Task to carry out =>
Keep the pictures out of the copy and print all the entries below exactly.

Provided material =>

- - - - -

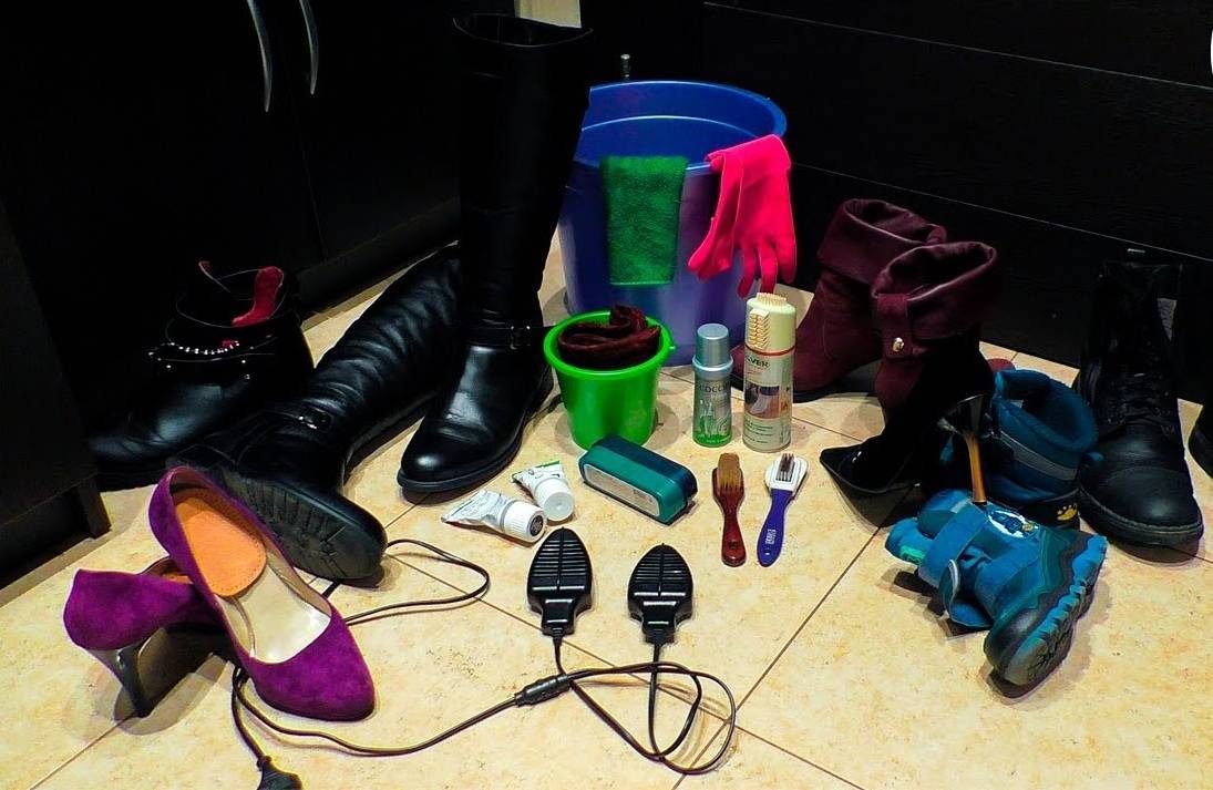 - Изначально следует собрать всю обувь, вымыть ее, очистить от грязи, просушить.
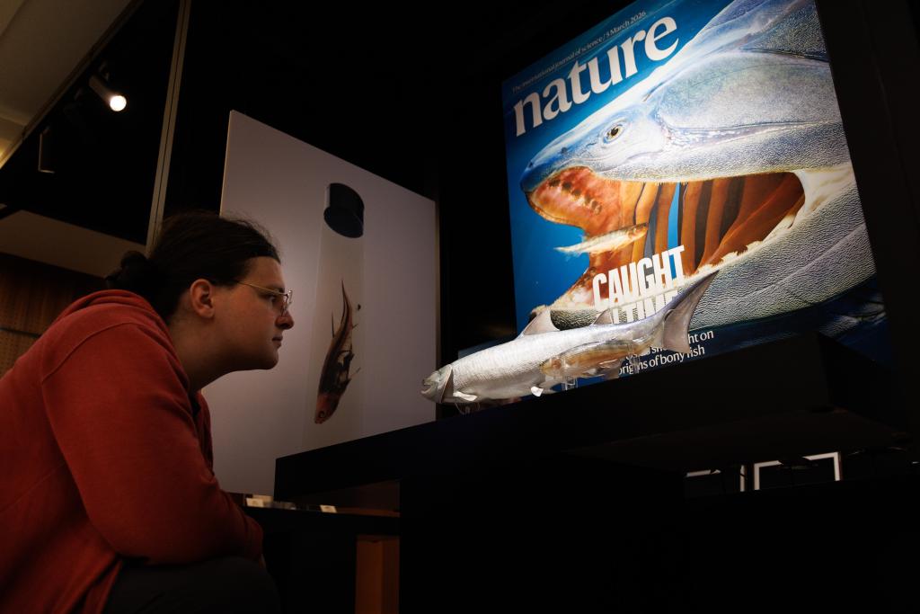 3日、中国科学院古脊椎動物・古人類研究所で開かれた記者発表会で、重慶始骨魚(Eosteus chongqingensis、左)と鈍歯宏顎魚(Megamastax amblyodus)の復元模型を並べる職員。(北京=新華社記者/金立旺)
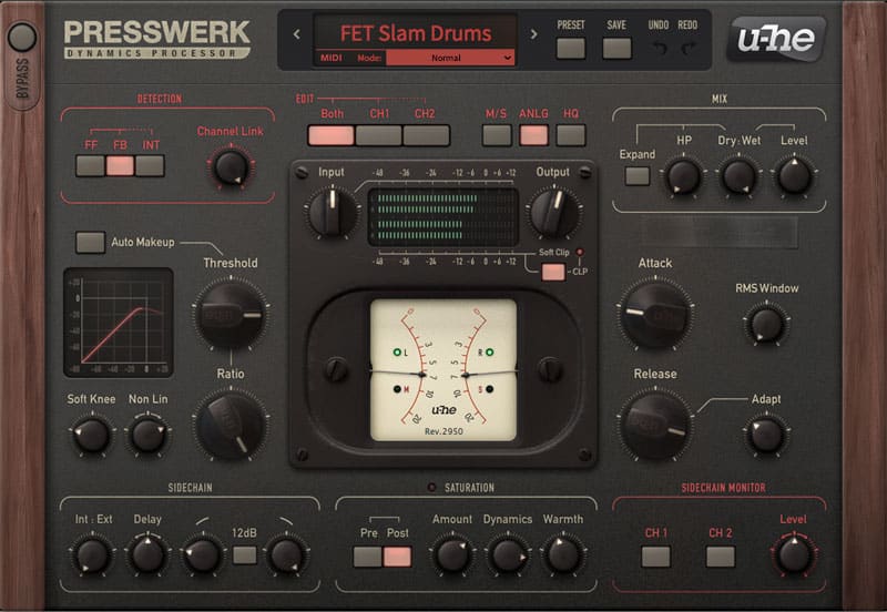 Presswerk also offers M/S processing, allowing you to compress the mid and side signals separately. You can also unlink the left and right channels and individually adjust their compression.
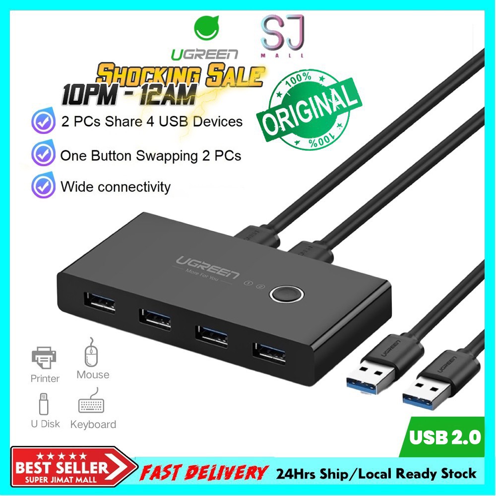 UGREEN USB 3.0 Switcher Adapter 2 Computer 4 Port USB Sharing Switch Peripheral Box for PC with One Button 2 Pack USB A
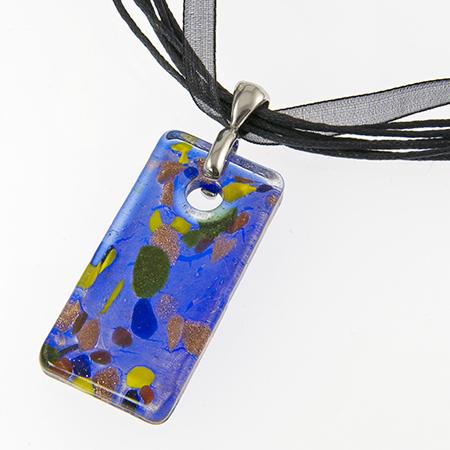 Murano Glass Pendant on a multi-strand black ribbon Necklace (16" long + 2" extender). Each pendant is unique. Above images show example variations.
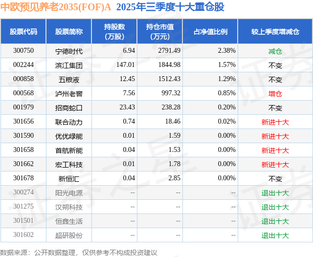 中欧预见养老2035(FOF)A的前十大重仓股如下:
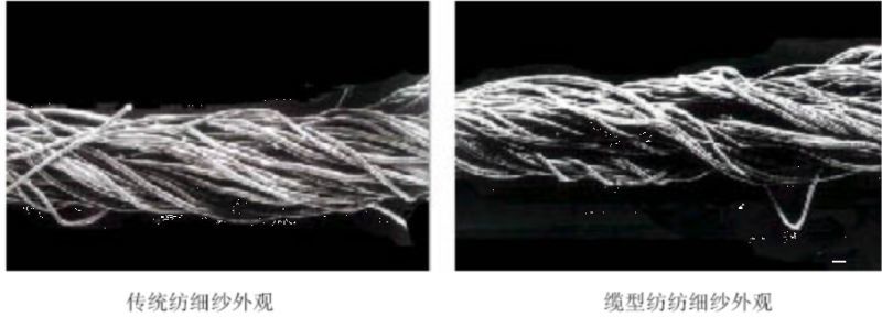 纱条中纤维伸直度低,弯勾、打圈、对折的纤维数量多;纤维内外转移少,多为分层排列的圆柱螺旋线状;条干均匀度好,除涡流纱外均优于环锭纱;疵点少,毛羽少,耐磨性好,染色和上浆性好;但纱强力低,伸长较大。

- - - - -

Task solution =>
 - Изначально следует собрать всю обувь, вымыть ее, очистить от грязи, просушить.
 3日、中国科学院古脊椎動物・古人類研究所で開かれた記者発表会で、重慶始骨魚(Eosteus chongqingensis、左)と鈍歯宏顎魚(Megamastax amblyodus)の復元模型を並べる職員。(北京=新華社記者/金立旺)
 Presswerk also offers M/S processing, allowing you to compress the mid and side signals separately. You can also unlink the left and right channels and individually adjust their compression.
 UGREEN USB 3.0 Switcher Adapter 2 Computer 4 Port USB Sharing Switch Peripheral Box for PC with One Button 2 Pack USB A
 Murano Glass Pendant on a multi-strand black ribbon Necklace (16" long + 2" extender). Each pendant is unique. Above images show example variations.
 中欧预见养老2035(FOF)A的前十大重仓股如下:
 纱条中纤维伸直度低,弯勾、打圈、对折的纤维数量多;纤维内外转移少,多为分层排列的圆柱螺旋线状;条干均匀度好,除涡流纱外均优于环锭纱;疵点少,毛羽少,耐磨性好,染色和上浆性好;但纱强力低,伸长较大。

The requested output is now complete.